Utilizing owner financing or a “rent-to-own” agreement is a great idea that can suit both investors and homeowners who want to secure a buyer quickly. Although the property itself won’t be sold outright until the agreement ends, offering a “rent-to-own” agreement can significantly increase your pool of prospective buyers in Florida.
“Rent-to-own” as a selling option is often overlooked by Florida homeowners due to a lack of mainstream information. However, as long as you don’t need all of your proceeds upfront, owner financing is a viable selling route to take. This article will cover 5 reasons owner financing will benefit sellers in Florida.
1. Sell Faster
When you take advantage of a “rent-to-own” agreement or offer owner financing to buyers, you’re making your property available to buyers who otherwise wouldn’t be able to purchase a home via traditional means. And of course, more potential buyers means you will be able to get a contract signed quicker.
NOTE: Be sure to do a substantial amount of background checks on your prospective borrower. If a traditional bank had turned them down in the past, there will be a reason.
2. Create Consistent Income
Owner financing involves “renting” the property to your interested buyer for a period of 2-3 years (agreed by both parties). At the end of this period, the buyer will purchase the house outright. This means during this “rental” period you’ll be able to bring in consistent income each month, with a much lower risk of a late or missed payment.
3. Get The Price You Want
Buyers who cannot purchase a property the conventional route have limited options when it comes to buying a house to own. This means they have less negotiating power since you’re in some ways doing them a favor by offering them owner financing.
In many cases, you’ll find that most “rent-to-own” buyers are eager to buy, especially if they haven’t been able to in the past. As such, you have a far better chance of securing the price your want for your home, even if it does take a little bit longer to collect 100% of your proceeds.
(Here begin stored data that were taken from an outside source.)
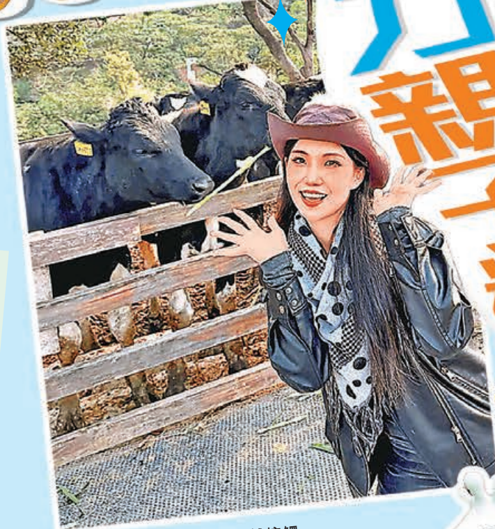
■大量乳牛等大家作近距離接觸。 小紅書@我是一個小太陽
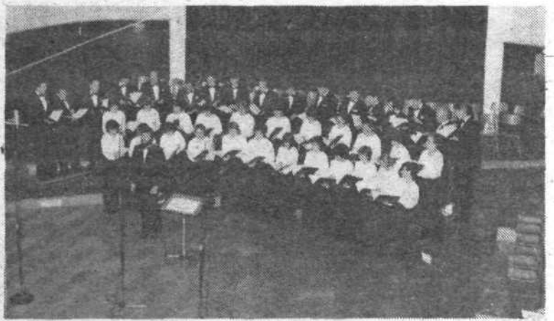
Pevski zbor Glasbene matice med enim od številnih nastopov
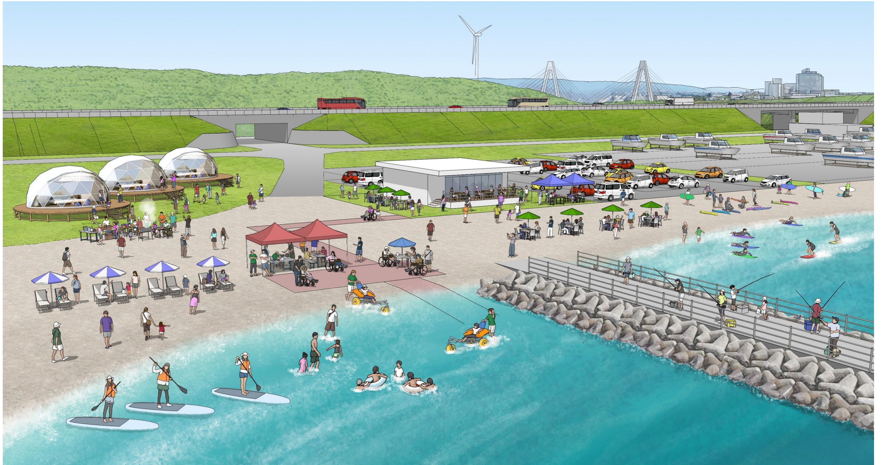
イメージパース 放水路（海側）拠点

（このイラストは構想で示す方向性をイメージ化したもので、実際の整備内容ではありません）
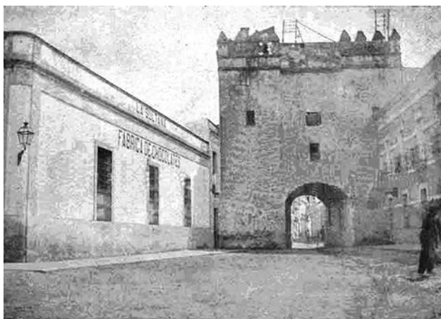
Fig. n.º 8. La Puerta de Osario (Córdoba) a principios del siglo XX, poco antes de su demolición. Por ella entraron Carlos V e Isabel en Córdoba el 20 de mayo de 1526.

La entrada real y la presencia de Carlos e Isabel en Córdoba están poco documentadas. La fuente más importante para conocer sus pormenores es el libro de gastos elaborado para la ocasión que tiene abundantes datos aunque incompletos. A través de ellos se puede concluir que el programa no varió mucho de los que se produjeron en Écija y Granada: recibimiento civil, discursos de bienvenida, desfile procesional, reci-
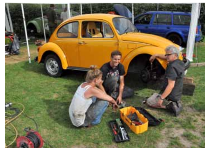
Lekker sleutelen in de wei: leerzaam en nog leuk ook!
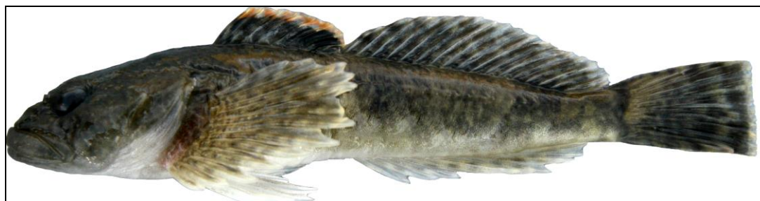
Figure 2. Chabot des montagnes Rocheuses.

Le chabot des montagnes Rocheuses (populations du versant est) est un petit poisson d'eau douce des grandes profondeurs appartenant à la famille des chabots ( Cottidae ), qui vivent principalement en milieu marin; il se caractérise par une grosse tête et un corps épais qui s'effile vers la queue (figure 1). Ces poissons sont endémiques en Amérique du Nord et les populations canadiennes sont généralement limitées aux tronçons de la rivière Flathead (Colombie-Britannique) et ses affluents, qui font partie du réseau hydrographique du fleuve Columbia (populations du versant ouest), ainsi qu'au réseau de la rivière St. Mary en amont du réservoir St. Mary, et aux rivières North Milk et Milk dans le sud de l'Alberta (figure 2). Le lien taxonomique qu'il partage avec d'autres espèces de chabot est mal connu (Young et al. 2013).
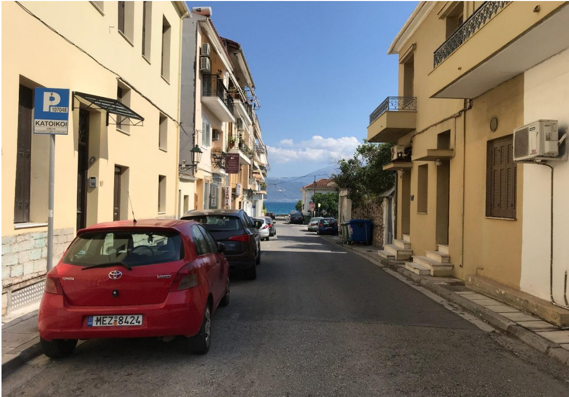
Φωτογραφία 9: Άποψη της οδού Πλαστήρα (Διάγραμμα Β, Θέση 9)

Με τη συγχρηματοδότηση της Ελλάδας και της Ευρωπαϊκής Ένωσης
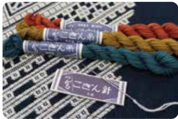
原创布料、针线等品类丰富 【手工商店TSUKIYA】
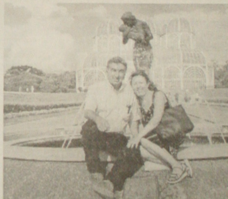
Casal Amárizo Flávio Monteiro no Jardim Botânico da tremendamente bela Curitiba.

Logo mais às 15 horas, será aberto o 5º Workshop MDM e o 4º MDM Fest, em Salvador, eventos comandados por Marcos Almeida, sergipano vitorioso na área do turismo brasileiro, que vai reunir no Bahia Othon Valente, agentes de viagem nacionais e internacionais, hotéis e operadoras, com o apoio da rede Orlion, da Varig, de Pousadas do Rio Quente. No dia 21, próxima terça-feira, Marcos encara o 8º Workshop de Aracaju, a partir das 17 horas, no Delmar Hotel, reunindo o trade sergipano e agentes e hotéis de diversos pontos do País, com apoio da Nordeste Varig, Delmar, Pousada do Rio Quente e Bahiatursa. Marcarei presença.
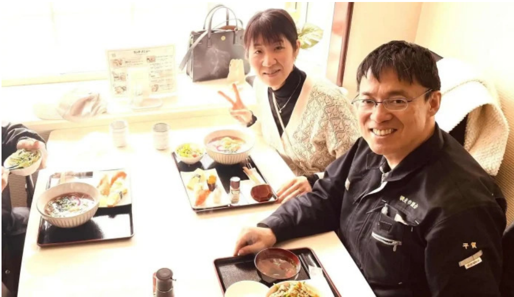
Qi restaurant nabe comentario 4
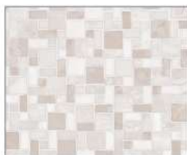
ミルキーモザイク
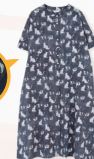
ネコ柄ブロックプリント 〈ワンピース〉¥9,680
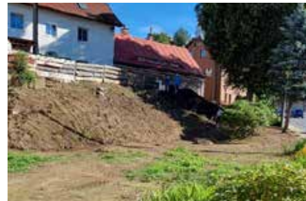
U městského bytového domu Masarykova 9 vzniká nová parková úprava
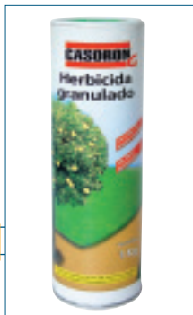
Herbicida de gran eficacia contra las malas hierbas.
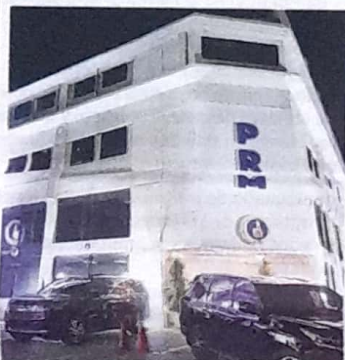
El PRM mantiene en incertidumbre la candidatura senatorial de la capital. FE

Los principales partidos han sido sometidos con recursos ante el Tribunal Superior Electoral (TSE), por dirigentes inconformes por el resultado de las encuestas que no les fueron favorables. La mayoría de los partidos mayoritarios optaron por hacer investigaciones de popularidad de sus aspirantes para completar la boleta electoral. El método es legal y está en la ley 33/18. YANESSI ESPINAL

4. Collect More Each Month
In addition to getting a potentially better price for the property, “rent-to-own” agreements typically charge a higher than the standard amount of rent each month. In some cases, a percentage of the monthly payment will go toward the down payment on the house. However, owners can still find themselves collecting a higher than average rental check each month.
5. Peace Of Mind
“Rent-to-own” buyers are not tenants, or at least not in the mainstream sense. If you have experience dealing with difficult tenants, then you might be wary of “renting” to buyers. However, rest assured “rent-to-own” buyers aren’t going to trash your property or avoid paying the rent for no reason.
Remember, these are people who want to own their own home. If they trash it, miss a payment, or otherwise violate the agreement, they could lose their down payment along with their opportunity to purchase your home.